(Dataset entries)
= = = =
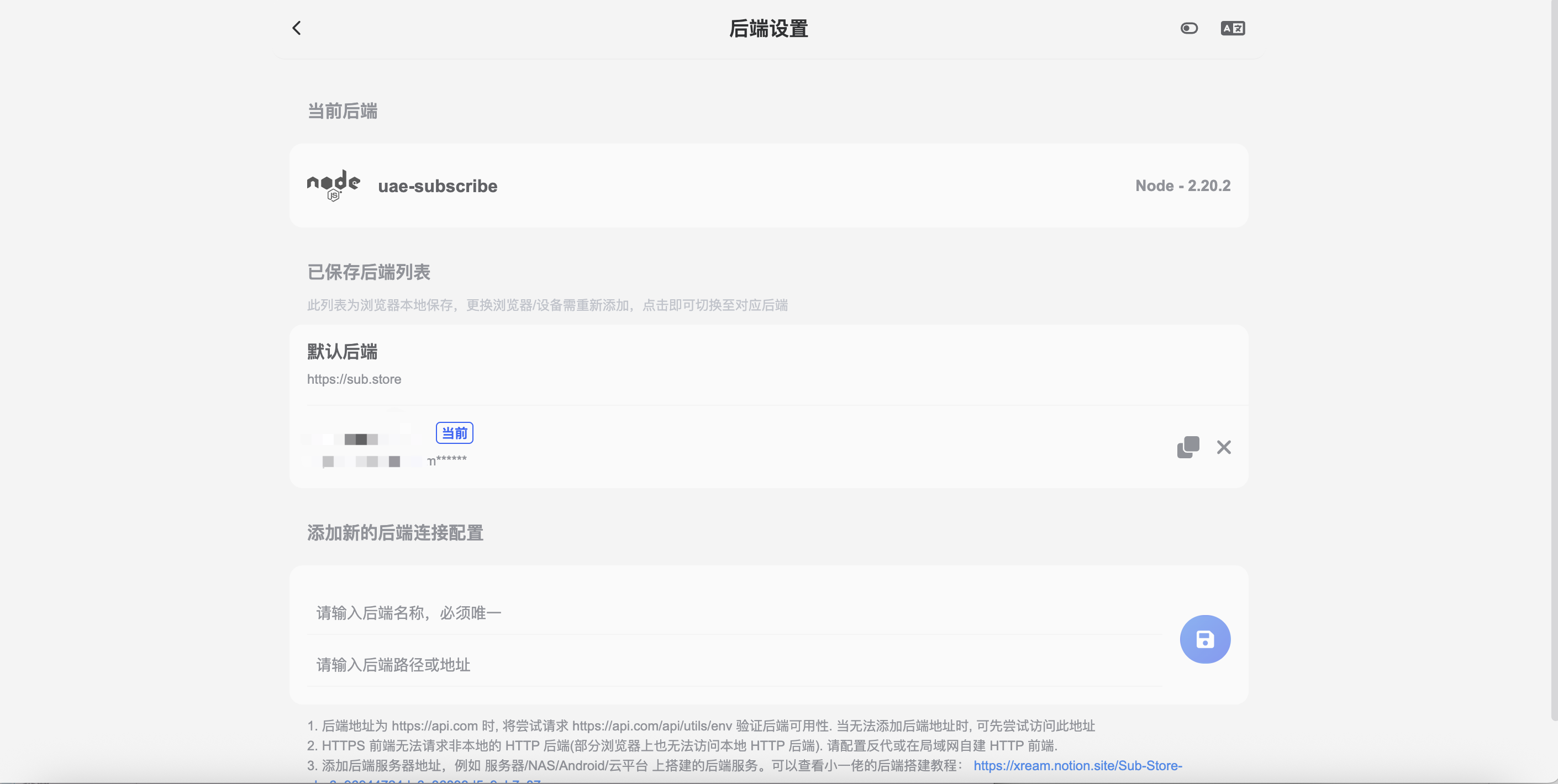 该工具分为前后端,前端界面如下,主要是提供可视化界面。后端一般搭建在公网服务器上,在前端中输入后端的 api 链接,即可对接到后端,组成完整功能的 sub-store。
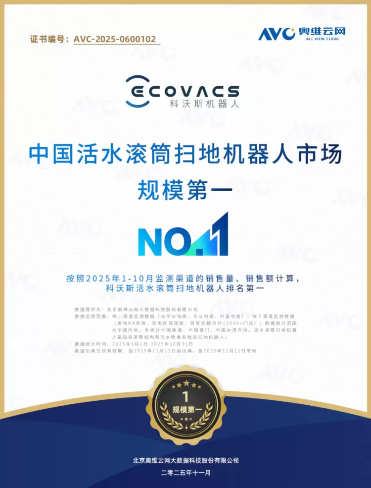 - 科沃斯领跑2025滚筒年,权威数据认证市场第一
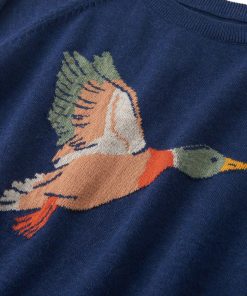 Wrap your little one in warmth and whimsy with the Boys Duck Crew Neck Sweater in Blue! Crafted from 100% soft cotton yarn, this long raglan-sleeve knit features a charming flying duck design knitted into the torso, set against a rich dark blue background. The classic crew neck and elastic cuffed wrists and hem offer a snug, cozy fit.
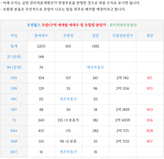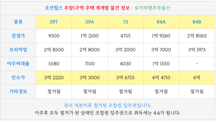 오션힐스 우암1구역 재개발 물건 의 각각 타입별 최저 물건 소개해 드리겠습니다.
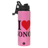I Love ΝΟΝΟΣ, Μεταλλικό παγούρι νερού με καπάκι ασφαλείας, αλουμινίου 850ml
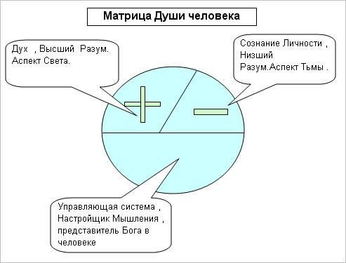 Матрица Души человека состоит из трех взаимозависимых частей: Дух, Разум и Управляющая Система. Разбираемся. Дух это Высший аспект Разума, Высшее Сознание человека, та индивидуальная частица Бога Отца в человеке, которая запушена для жизни и получения опыта в проявленном, плотном, физическом мире. Эта частица получает и сохраняет всю информацию, полученную при всех прожитых ею жизнях в различных телах человеческих. Эту чистую, высокочастотную энергию насыщающей жизни физического тела человека, можно сравнить с потоком положительной, чистой энергии света, добра. В математике это есть энергия со знаком плюс, что подразумевает излучение, отдачу, испускание света, знаний, любовь. Другая часть матрицы души это Сознание Личности, Низший Разум, желания, ощущения физического тела, организма. Они несут в себе аспект тьмы, привнесение низкой, отрицательной энергии, а также не любовь. Математически это есть энергия со знаком минус, что подразумевает поглощение, прием света, тьму. И третья составляющая матрицы души человека это его Управляющая система, его Настройщик Мышления, то что является функцией, законом управления этих двух величин. Если перейти на язык математики, то матрица Души есть функция Y= F(х), где Y-это Дух, Высший разум, Х-это Эго, Личность, Низший разум, а F это функция, закон управления этими двумя величинами, тот самый Божественный Настройщик Мышления. В новорожденном малыше, Y Дух, является латентной, ждущей своего часа, своего развития величиной. Он составляет малый процент от общего объема энергий Матрицы Души. Эго, эгоическая составляющая, личностная, которая является следствием желаний физиологического, плотного тела, это Низший Разум, низкочастотная составляющая Души. При рождении, она имеет превалирующий, больший процент энергий в общем объеме матрицы Души. Общий процент энергий (у+х), (Духа +Личности) не может превышать 49% процентов всего объема энергий этой тонкой структуры, хотя между собой эти величины могут иметь совершенно разное соотношение. Третья, управляющая часть Матрицы Души, Настройщик Мышления, всегда имеет полные 51% процентов. Это нейтральные энергии, с аспектом Бога Отца. Это не минус и не плюс, так как Бог Отец любит все свои Творения, все Создания, поэтому он нейтрален. Он только управляет, задает основные энергетические и допустимые, вероятностные параметры Матрицы Души. Он является той связующей функцией F, без которой не возможно, или нецелесообразно взаимное существование У и Х. Структура Матрицы Души построена так, что суммарная составляющая функций (Y +X) не могла бы вырасти более чем 49% от общего объема. Управляющая система всегда имеет свои 51%, поэтому она всегда имеет превалирующее влияние над суммой (Y+X). Это означает, что присутствие Бога в Матрице Души человека всегда является доминирующим фактором, основным вектором его духовного в развития. При росте организма ребенка, особенно после четвертого месяца, когда в него вселяется Настройщик Мышления, соотношение Духа и Личности начинается видоизменяться. Больший процент получаемой, входящей энергии приходится на энергии света, Духа, плюсовые энергии. В человеке, ставшем на Путь духовного развития, процент Высших духовных энергий начинает достигать до 90% процентов. Стоящий на Пути, Стремящийся к Высшему Знанию, постоянно усмиряя, беря свои эмоц
= = = =
ASSIGNMENT: Please reproduce, word for word, every line from the first line of the records above through the line containing "- 科沃斯领跑2025滚筒年,权威数据认证市场第一", and leave out the pictures.

ANSWER BELOW:
 该工具分为前后端,前端界面如下,主要是提供可视化界面。后端一般搭建在公网服务器上,在前端中输入后端的 api 链接,即可对接到后端,组成完整功能的 sub-store。
 - 科沃斯领跑2025滚筒年,权威数据认证市场第一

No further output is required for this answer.